Electric Fish at Dusk
The padel court hummed with that particular Friday evening energy — thwack of rubber balls against glass, the collective groan when someone missed an easy shot. Elena watched from the sidelines, nursing her gin and tonic, thinking how she'd ended up here again. Thirty-six and still letting Marcus drag her to couples' activities like their relationship depended on shared hobbies, when really it was drowning in the silence between them.
A storm had been threatening all afternoon. The sky behind the clubhouse was bruising purple, beautiful in its menace. Elena felt a strange kinship with it — all that built-up pressure, waiting to release.

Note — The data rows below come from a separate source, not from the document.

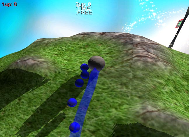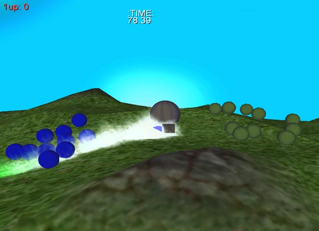 In my third year project, you are sphere on a 3D planet. This planet is inhabited by creatures called Pingos. The goal of the game is to try and rescue the Pingos by leading them to your goal flag. You can lead the Pingos by having them follow a trail of colored paint that you leave behind as you roll. There are creatures who like to eat Pingos and in a multiplayer game you are competing with others to rescue more Pingos. I worked as a programmer/producer on a four person team. My responsibilities included writing a 3D physics engine and 3D camera control code. The world in Pingo is a sphere with six height maps applied to it to create rolling hills and lakes. The world is populated only by sphere shaped objects from the physics engine's point of view. This was one of my first experiences working with the problems of stacking objects. The player can jump on top of a group of enemies or charge through them like pool balls. In the first version of my physics engine, I treated object overlap as an event that needed to be prevented at all cost. This only lead to the entire simulation looking as though it would get stuck. The second and final version of my physics engine treated object overlap as an event that would correct itself in time. The allowed all the objects to collide nicely and gave a good smooth feel when playing. The camera model for Pingo is similar to that in many third person action/adventure games. The camera follows the player but is not locked in the direction the player is facing because in Pingo, the players have no direction that they are facing. The best description of how the camera model works is that the player is dragging a long pole behind them with the camera attached to the end of the pole. I implemented this idea by moving the camera to a fixed distance from the player based on its current position. The height of the camera over the ground is simply adjusted by the player to provide the effect of looking up and down. Copyright 2005 (C) DigiPen (USA) Corporation |
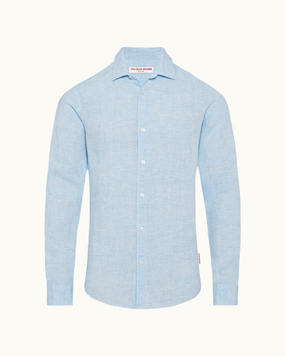 This Giles linen long-sleeved shirt is the perfect choice for your holiday wardrobe. Styled with imitation Mother of Pearl buttons through the front, and a classic collar, wear this lightweight pale blue shirt with chinos for smart eveningwear or unbuttoned with the sleeves rolled up for daytime.
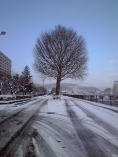 今日は雪で真っ白で、きりっとした寒い日。
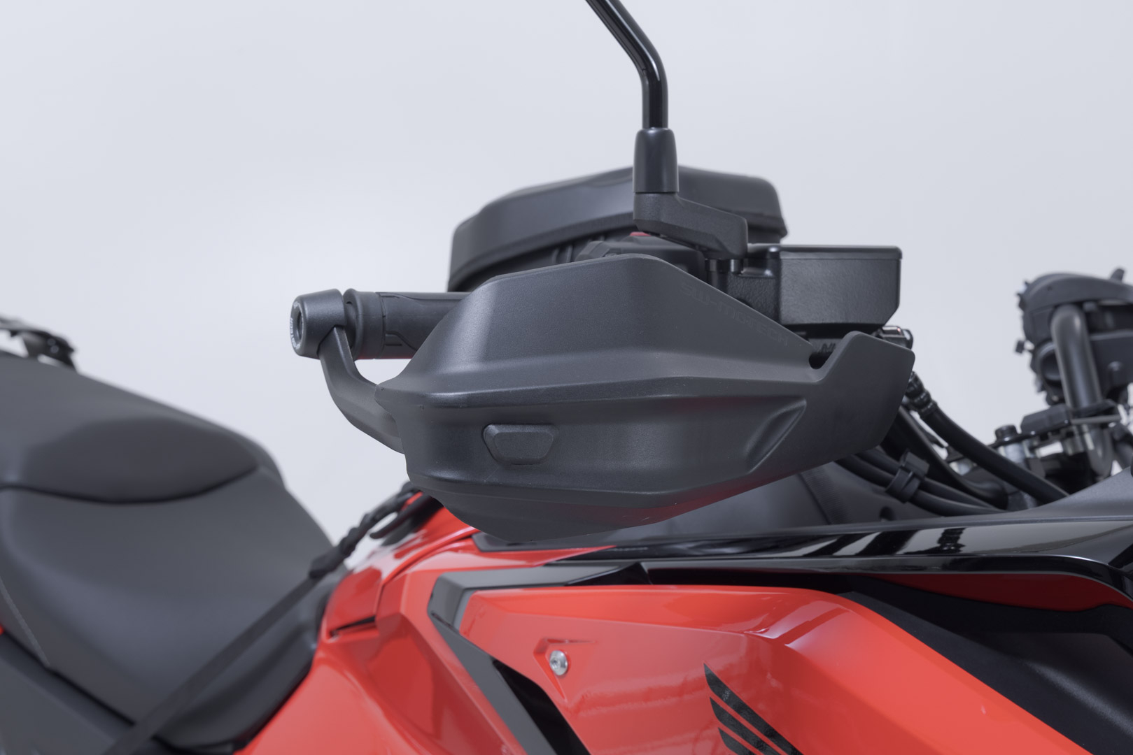 Dank der geschlossenen Form der Adventure Handschalen werden Lenker und Hände auch auf den Seiten abgedeckt. Für noch mehr Schutz kann das separat erhältliche Sturzpad-Set an den Handprotektoren befestigt werden. Für mehr Witterungsschutz sorgt das Erweiterungs-Set, mit dem die Protektionsfläche der Adventure Handschalen vergrößert wird.
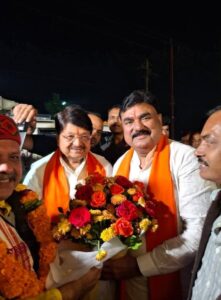 इस अवसर पर पूर्व कृषि मंत्री किसान नेता कमल पटेल भाजपा जिला अध्यक्ष राजेश वर्मा ने केबिनेट मंत्री कैलाश विजयवर्गीय मांधाता विधायक नारायण पटेल का स्वागत अभिनंदन किया इस अवसर पर युवा नेता संदीप पटेल भी उपस्थित थे
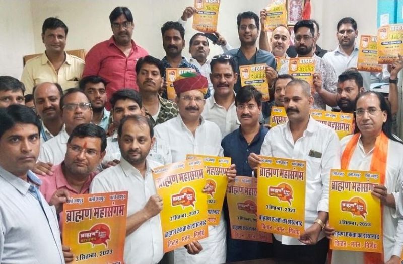 जयपुर। चुनावी साल में जयपुर में एक बार फिर ब्राह्मण जुटेंगे। 3 सितम्बर को अल्बर्ट हॉल पर ब्राह्मण महासंगम का आयोजन होगा, जिसमें देश—दुनिया के समाज के लोग शामिल होंगे। महासंगम में 51 प्रमुख संत—महंत हिस्सा ले रहे है, वहीं 10 देशों के सांसद व प्रबुद्धजन शामिल हो रहे है। कार्यक्रम में केन्द्रीय मंत्री नितिन गड़करी व पूर्व मंत्री व उत्तराखंड के पूर्व सीएम रमेश पोखरियाल भी शामिल होंगे। वहीं फिल्म निर्माता भी शामिल हो रहे है।
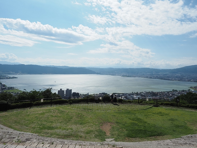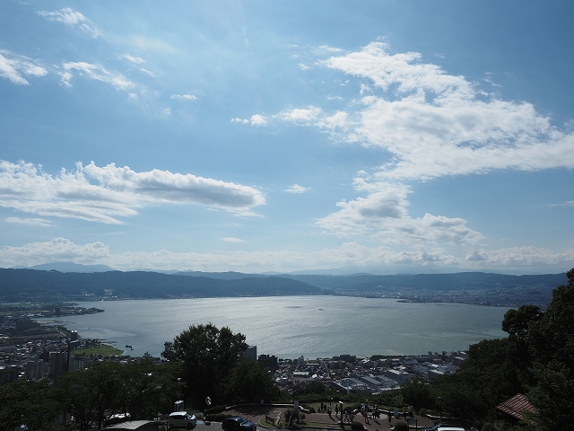 ここからの眺めは明示されていませんが、あのアニメ映画「君の名は。」に使われた場所だそうです。諏訪湖周辺が一望出来てとても素敵でした。私が行った時もマイカーやツーリングの人達で混んでいましたが、夕陽が眺められるので夕方が一番混んでいると思います。
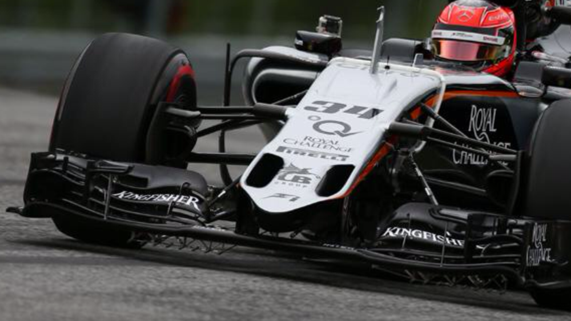 5) Force India pa se poigrava z domišljijo. Sam sem bil prepričan, da ne moraš z vanitiy panel in z pravili enega prereza ustvarit luknje v nosu. Prvo ob pogledu na sliko na daleč sem mislil, da so nosilce krilc ločili od "jedra" (crashstrukture) z manjhno režo (pač zadostiti moraš pravilom prerezov itd.), pa še tega ne vidim, tako je interpertacija, zakaj je tole legalno, izven mojega poznavanja pravil.
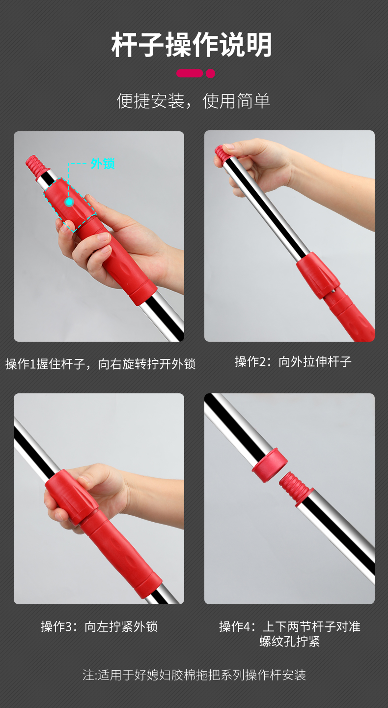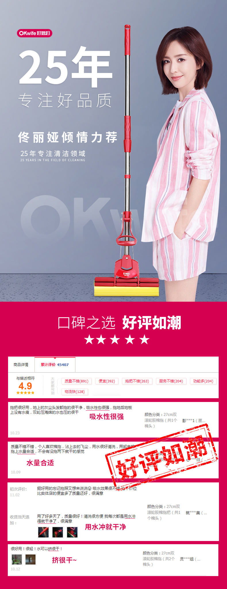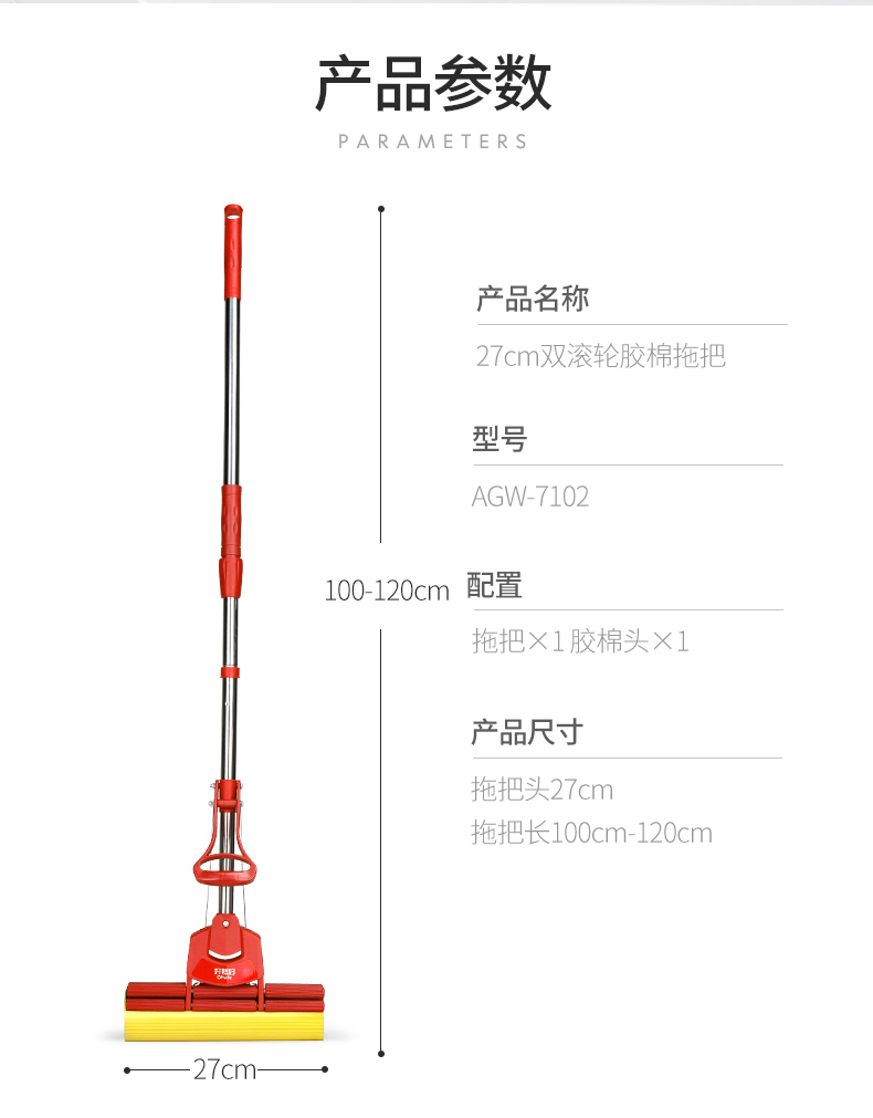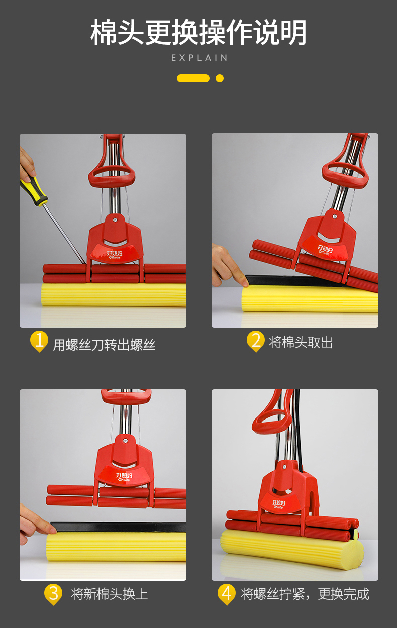 好媳妇免手洗吸水海绵拖把27CM滚轮式挤水胶棉

"You're not even watching," Marcus said afterward, in the car. Rain hammered the roof now, relentless and almost comforting in its violence. "You're somewhere else. You're always somewhere else these days."
"I'm tired, Marcus."
"Of me?"
She didn't answer. The air between them felt charged, heavy with all the things they'd stopped saying. Somewhere in the distance, lightning cracked the sky open, sudden and blinding, illuminating the outline of his face — tired, disappointed, the man she'd loved for seven years becoming someone she barely recognized.
They'd bought the goldfish on their first anniversary. A carnival prize that had lived far longer than expected, swimming in its bowl on the bedside table, witnessing everything: their fights, their sex, their slow drift apart. She'd found it floating that morning — scales dull like old pennies, mouth opening and closing in that terrible final gasp.

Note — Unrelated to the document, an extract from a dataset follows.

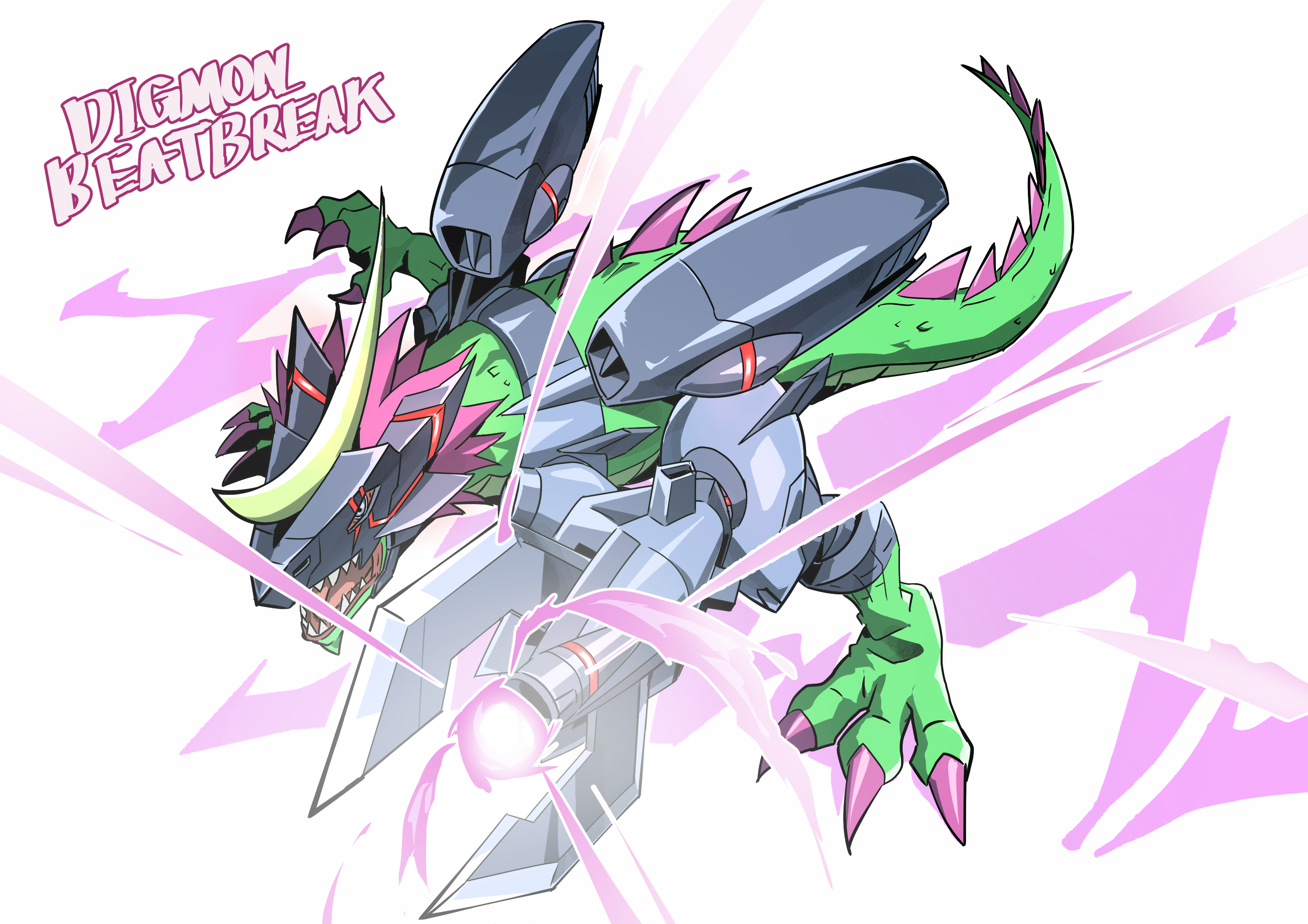 arm_cannon claw_(weapon) commentary_request copyright_name crescent cyborg digimon digimon_(creature) digimon_beatbreak dk_(13855103534) full_body helmet highres lizard mechanical_arms monarchlizamon powering_up simple_background single_mechanical_arm vernier_thrusters weapon white_background

She hadn't told him yet. It felt symbolic somehow.
The cable box flickered when they got home, the storm interfering with the signal. The television sputtered, casting them in intermittent blue light.

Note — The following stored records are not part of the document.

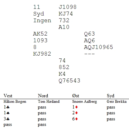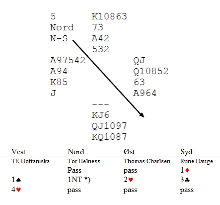 Når spillet var ferdig, kom det for en dag at Tor ikke hadde kløver, men hadde meldt 1NT naturlig. Da mente vest at hvis han visste at det var sparhold bak han, ville han kun invitert til utgang, ikke hoppa til 4hj. Han sa også at makker ville ha passa invitten. Jeg tror ikke noen spurte hva Rune Hauge ville meldt over 3hj, men 4kl ser da ikke dumt ut? Står det ikke nesten 5kl i syd?
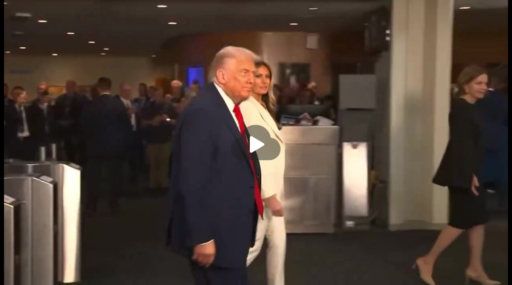 一段现场视频显示,特朗普和夫人刚走上自动扶梯,扶梯就停止工作。他们最后只能步行上楼。
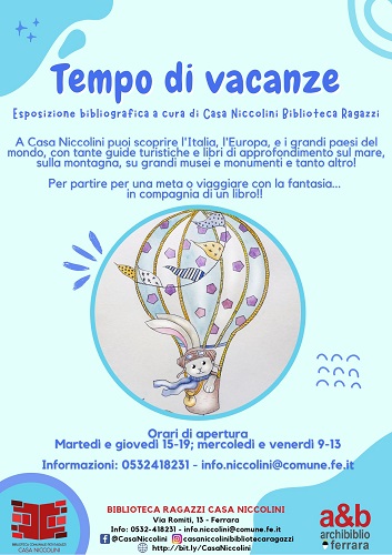 FERRARA – A Casa Niccolini le vacanze estive si trascorrono anche in compagnia di un buon libro. Fino al 26 agosto prossimo la biblioteca comunale di via Romiti 13 a Ferrara, attende infatti bimbi e ragazzi con tante proposte di letture estive, tutte raccolte nell’esposizione bibliografica ‘Tempo di vacanze’. La mostra è visitabile, con ingresso libero e gratuito, negli orari di apertura al pubblico (martedì e giovedì dalle 15 alle 19; mercoledì e venerdì dalle 9 alle 13). A disposizione tante guide turistiche per scoprire l’Italia, l’Europa e i grandi paesi del mondo, e libri di approfondimento sul mare, sulla montagna, su grandi musei e monumenti, e tanto altro.
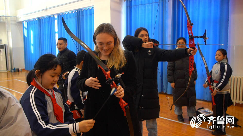 在乾赵小学的射箭馆里,小学生们则化身“小教练”,帮助大学生们掌握中国传统弓箭、现代反曲弓箭的操作要领,现场体验“百步穿杨”的乐趣。实践队队员们还参与到孩子们的社团课程中,共同制作手工作品,演奏口风琴乐曲,合力完成科学实验,在互动交流中增长知识、增进友谊。

"The fish is dead," she said.
Marcus stared at her. The TV went dark completely. Outside, water gushed from the gutters, overflowing onto the driveway.
"Okay," he said quietly. "Okay."
And then they were in each other's arms, not making love but something messier — crying into each other's shoulders, the dam finally breaking. Seven years of unsaid words pouring out like water through a broken seal, while thunder shook the house and the dead fish watched from its bowl, mute witness to the beginning of whatever came next.